[llvm] [VPlan] Extract reverse operation for reverse accesses (PR #146525)

Mon Dec 1 05:42:24 PST 2025

================
@@ -2866,28 +2867,42 @@ static void transformRecipestoEVLRecipes(VPlan &Plan, VPValue &EVL) {
         TypeInfo.inferScalarType(MaxEVL), DebugLoc::getUnknown());
 
     Builder.setInsertPoint(Header, Header->getFirstNonPhi());
-    VPValue *PrevEVL = Builder.createScalarPhi(
-        {MaxEVL, &EVL}, DebugLoc::getUnknown(), "prev.evl");
-
-    for (VPBasicBlock *VPBB : VPBlockUtils::blocksOnly<VPBasicBlock>(
-             vp_depth_first_deep(Plan.getVectorLoopRegion()->getEntry()))) {
-      for (VPRecipeBase &R : *VPBB) {
-        VPValue *V1, *V2;
-        if (!match(&R,
-                   m_VPInstruction<VPInstruction::FirstOrderRecurrenceSplice>(
-                       m_VPValue(V1), m_VPValue(V2))))
-          continue;
+    PrevEVL = Builder.createScalarPhi({MaxEVL, &EVL}, DebugLoc::getUnknown(),
+                                      "prev.evl");
+  }
+
+  // Transform the recipes must be converted to vector predication intrinsics
+  // even if they do not use header mask.
+  for (VPBasicBlock *VPBB : VPBlockUtils::blocksOnly<VPBasicBlock>(
+           vp_depth_first_deep(Plan.getVectorLoopRegion()->getEntry()))) {
+    for (VPRecipeBase &R : *VPBB) {
+      VPWidenIntrinsicRecipe *NewRecipe = nullptr;
+      VPValue *V1, *V2;
+      if (match(&R, m_VPInstruction<VPInstruction::FirstOrderRecurrenceSplice>(
+                        m_VPValue(V1), m_VPValue(V2)))) {
         VPValue *Imm = Plan.getOrAddLiveIn(
             ConstantInt::getSigned(Type::getInt32Ty(Plan.getContext()), -1));
-        VPWidenIntrinsicRecipe *VPSplice = new VPWidenIntrinsicRecipe(
+        NewRecipe = new VPWidenIntrinsicRecipe(
             Intrinsic::experimental_vp_splice,
             {V1, V2, Imm, Plan.getTrue(), PrevEVL, &EVL},
             TypeInfo.inferScalarType(R.getVPSingleValue()), {}, {},
             R.getDebugLoc());
-        VPSplice->insertBefore(&R);
-        R.getVPSingleValue()->replaceAllUsesWith(VPSplice);
-        ToErase.push_back(&R);
       }
+
+      // TODO: Only convert reverse to vp.reverse if it uses the result of
+      // vp.load, or defines the stored value of vp.store.
----------------
lukel97 wrote:

> I think that's kind-of already the case, right? Until all recipes are converted, the intermediate VPlan may be partially incorrect.

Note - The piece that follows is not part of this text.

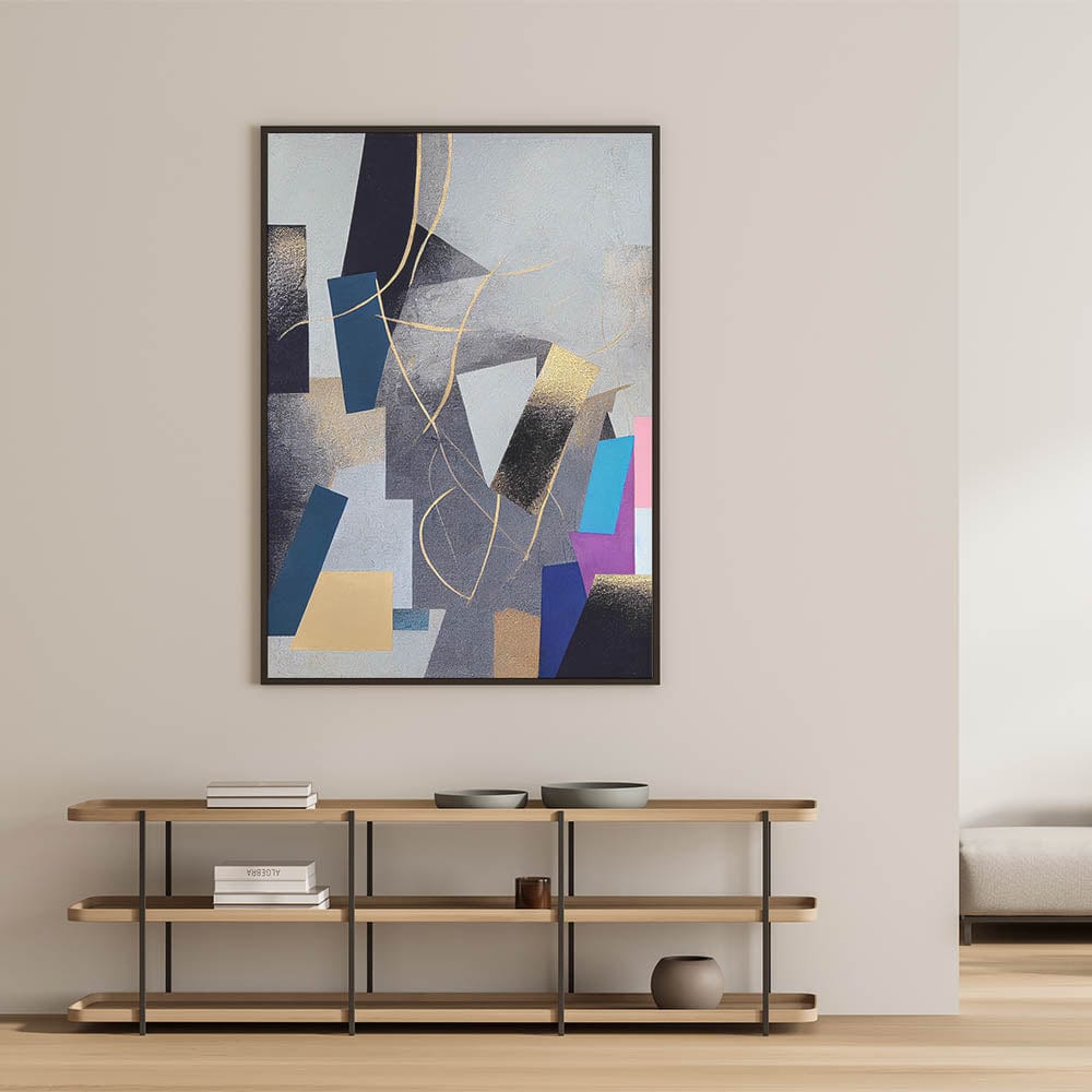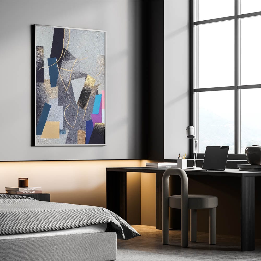 Bring a bold and luxurious touch to your space with this moody modern wall art, a stunning display of contemporary abstract art. The structured geometric design in deep navy blue, shimmering gold, and soft gray creates a sophisticated yet modern aesthetic. The interplay of bold shapes and gold accents adds depth, making this abstract canvas wall art a statement piece for stylish interiors.

Only the FOR recipes need to be converted, everything else in optimizeMaskToEVL is just an optimisation to replace the header mask with VP intrinsics. We can skip optimizeMaskToEVL and the VPlan will still be correct, because the masked recipes still have the same semantics.

The fact that we're intertwining the transformation to a variably stepping IV with optimisations makes the EVL transform harder to reason about. This is what https://github.com/llvm/llvm-project/pull/166164 aims to fix by moving out optimizeMaskToEVL. 

> I would like to avoid correctness to depend on the exact position of the reverse.

I'm with you here, but extracting the reverse from VPWidenLoadRecipe doesn't actually require us to "fix up" anything in the EVL plan for correctness, which is why I find this part of the code confusing.

It's just that the existing optimization becomes incorrect because the semantics of VPWidenLoadRecipe have changed, which we need to adjust in optimizeMaskToEVL. I'll see if I can share a branch that shows what I mean better.

https://github.com/llvm/llvm-project/pull/146525